Thesis of Taygun Kekec


Subject:
Learning Representations from 3D Data and Temporal Data

Defense date: 31/08/2017

Advisor: Christian Wolf

Summary:

The overall goal of this thesis on learning representations of 3D data and temporal data is to investigate innovative approaches based on computer vision techniques and machine learning, but also explore the use of multiple cues, in particular geometric cues and visual cues.
Hand-designed features such as SIFT and HOG underpin many successful object recognition approaches. However, these only capture low-level edge information and it has proven difficult to design features that effectively capture mid-level cues (e.g. edge intersections) or high-level representation (e.g. object parts).

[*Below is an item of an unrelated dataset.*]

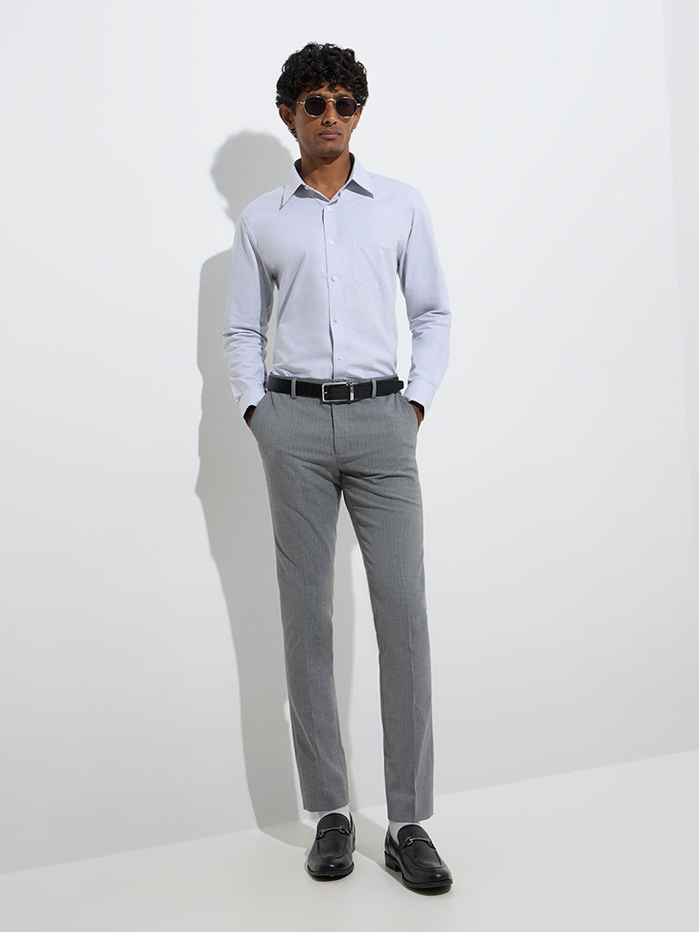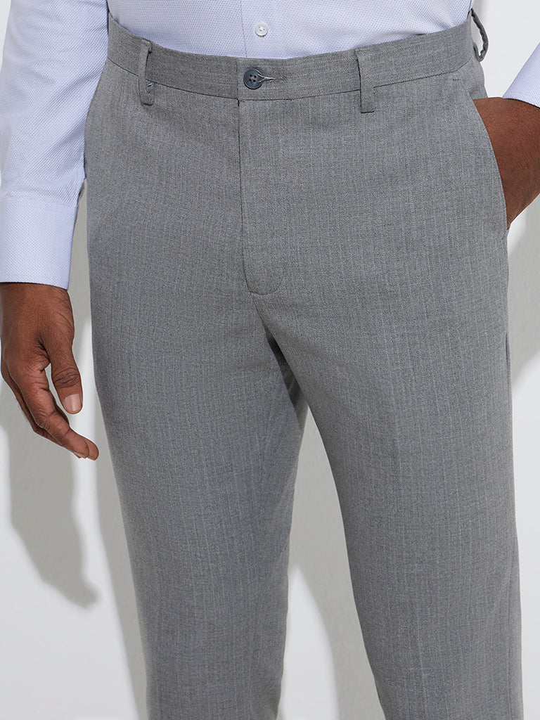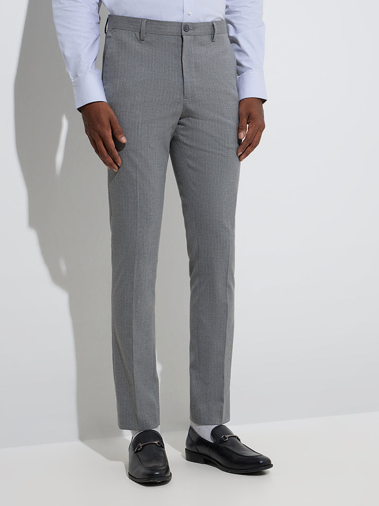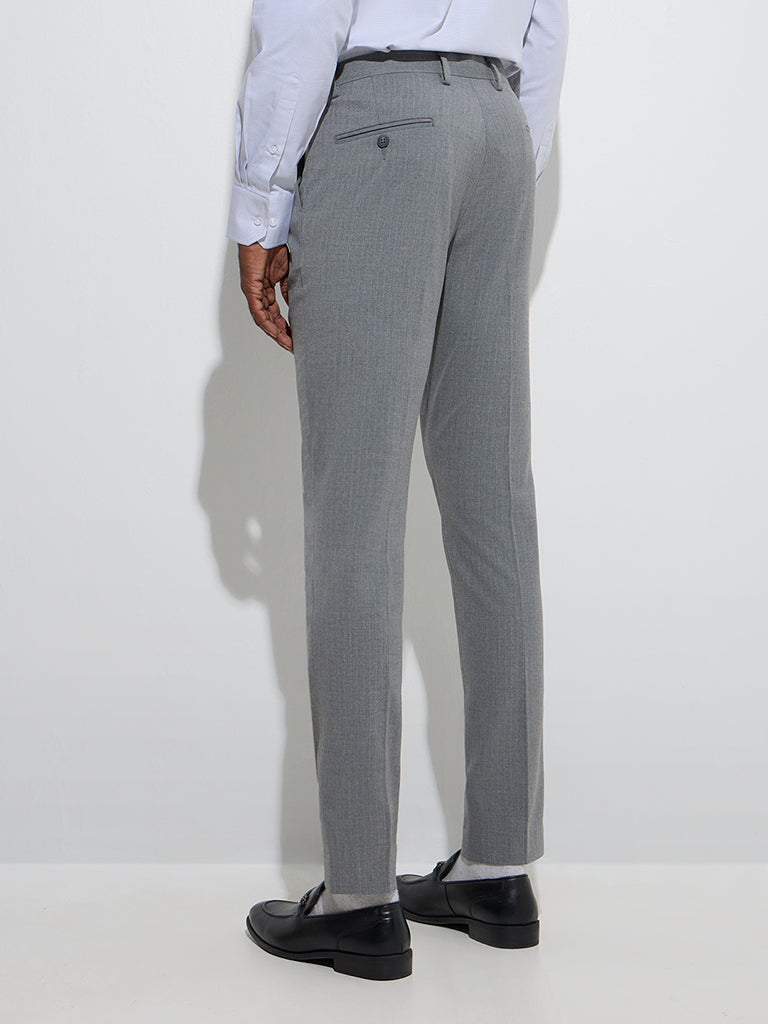 WES Formals Grey Self Ultra-Slim Fit Mid-Rise Trousers

Recent developments in machine learning, known as Deep Learning, have shown how hierarchies of features can be learned in an unsupervised manner directly from data.
This thesis will start by studying how to learn features, rather than hand-craft them. It will then study several basic architectures, exploring how they learn features, and analysing how they can be stacked into hierarchies that can extract multiple layers of representation. The proposed PhD will tackle the problem of creating structured models for weakly structured data, e.g. video, where the application of traditional unstructured learning machines is unsuccessful. In particular, in the targeted situations, motion present in the data may be vehicles related motion, motion related to interactions between vehicles (relatively to traffic conditions) or irrelevant motion. In these cases, scene representation based on low level features alone is not efficient and context needs to be taken into account.
Given these requirements, the integration of various types of features at various levels seems a promising idea.